Male breast cancer is relatively rare, accounting for approximately 0.5%–1% of all reported breast cancers and less than 0.1% of male cancer deaths.5 The overall prognosis for men is less favorable than for women, primarily due to delayed detection. The most common clinical presentation is a centrally located, firm, painless mass. Other clinical presentations include nipple retraction and nipple discharge.5 Various risk factors have been described, with the most prevalent being increasing age, often attributed to testicular malfunction and elevated estrogen levels. Other risk factors include a family history of breast cancer, mutations in breast cancer genes (BRCA2>BRCA1), Cowden and Klinefelter syndromes (Fig. 8), alcohol consumption, liver disease,19 hyperestrogenism, and a history of chest irradiation.17

Figure 8.

56-year-old male diagnosed with Klinefelter’s syndrome presented with long standing pain in the left breast and sudden ipsilateral sanguineous nipple discharge. On Digital Mammography (A–D), a focal asymmetry with fine pleomorphic grouped calcifications is seen at the left internal retroareolar region (B, D).

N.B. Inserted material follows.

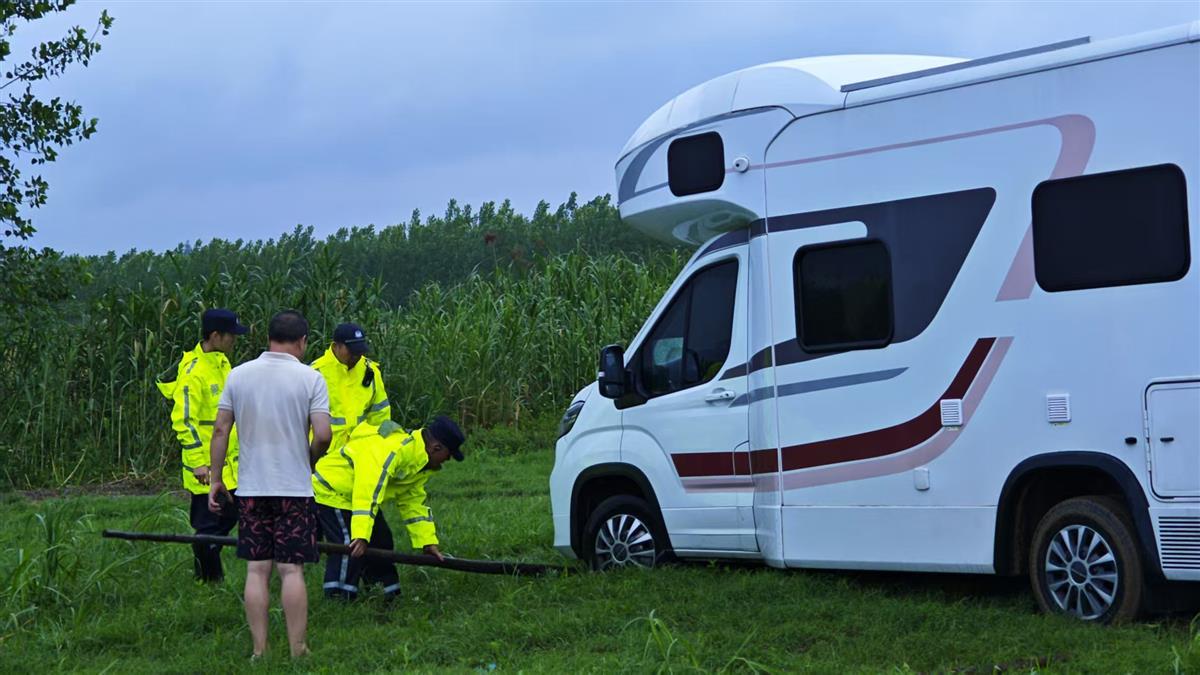 5月8日,江城武汉遭遇强对流天气,江心岛天兴洲风雨交加。武汉市公安局洪山区分局天兴乡派出所民警在巡逻途中,紧急救援一辆被困的露营房车,帮助来自天津的游客团队成功脱险。

On ultrasound (E), an area of duct ectasia with a solid mass and associated calcifications (white arrow) is shown. 14G core needle biopsy proved DCIS. Histology after mastectomy confirmed pure DCIS with no invasive component.

Ductal carcinoma in situ

Ductal carcinoma of the male is rare and is usually associated with invasive carcinoma.19,20 Ductal carcinoma in situ (DCIS) of the male breast represents less than 0.1% of all cancers in men.19 When the in situ component is present in pure form, the histological grade is normally low to intermediate.19 The most common histological subtype of DCIS in males is papillary carcinoma.19,20

The most common presenting sign is a slowly growing subareolar mass.20 It may be accompanied by breast pain, nipple discharge, or nipple retraction.19 Nipple discharge on its own is an uncommon form of presentation.1

In males with gynecomastia, detecting DCIS on mammography can be challenging.19 Microcalcifications are seen less likely in male breast cancers, possibly due to the involuted ductal structure.4 When present, these calcifications often have a benign or nonspecific appearance 19 (Fig. 8). Additionally, if invasive carcinoma is present, parenchymal opacity or distortion may be seen.4 DCIS normally presents a non-mass enhancement on the recombined images of CEM (Fig. 9).

Figure 9.

47-year-old male presented with left breast growth for 5 months and unilateral clear discharge. On the low energy images (A, C), a focal asymmetry of the entire upper-external quadrant of the left breast with associated diffuse calcifications are seen. On the recombined images (B, D), a segmental non-mass enhancement is observed. Sonographically (E), the lesion corresponds to a heterogeneous mass. 14G core needle biopsy proved DCIS (F). Histology after mastectomy confirmed pure DCIS with no invasive component.

The findings on ultrasound for DCIS in males are non-specific and not well-documented in the literature. However, coexistent invasive ductal carcinoma foci may be visualized as a mass or distortion.4

Invasive ductal carcinoma

Invasive ductal carcinoma (IDC) of no special type is the most common type of male breast carcinoma, accounting for approximately 85% of cases.11,21 Unlike in women, the male breast rarely develops terminal ductal-lobular units,4,20 making lobular carcinoma very uncommon.1 The nipple tends to be affected earlier in men, due to the development of the tumor below the nipple, where rudimentary breast ducts are located.22 Nevertheless, eccentric location can occur and is highly suspicious for cancer.11 Bilateral carcinoma is less frequent in men (1,9%) compared to women (4,3%).22

It typically presents as a hard, painless, palpable mass that may be accompanied by secondary features such as nipple retraction, skin thickening, palpable axillary lymphadenopathies4 and nipple discharge.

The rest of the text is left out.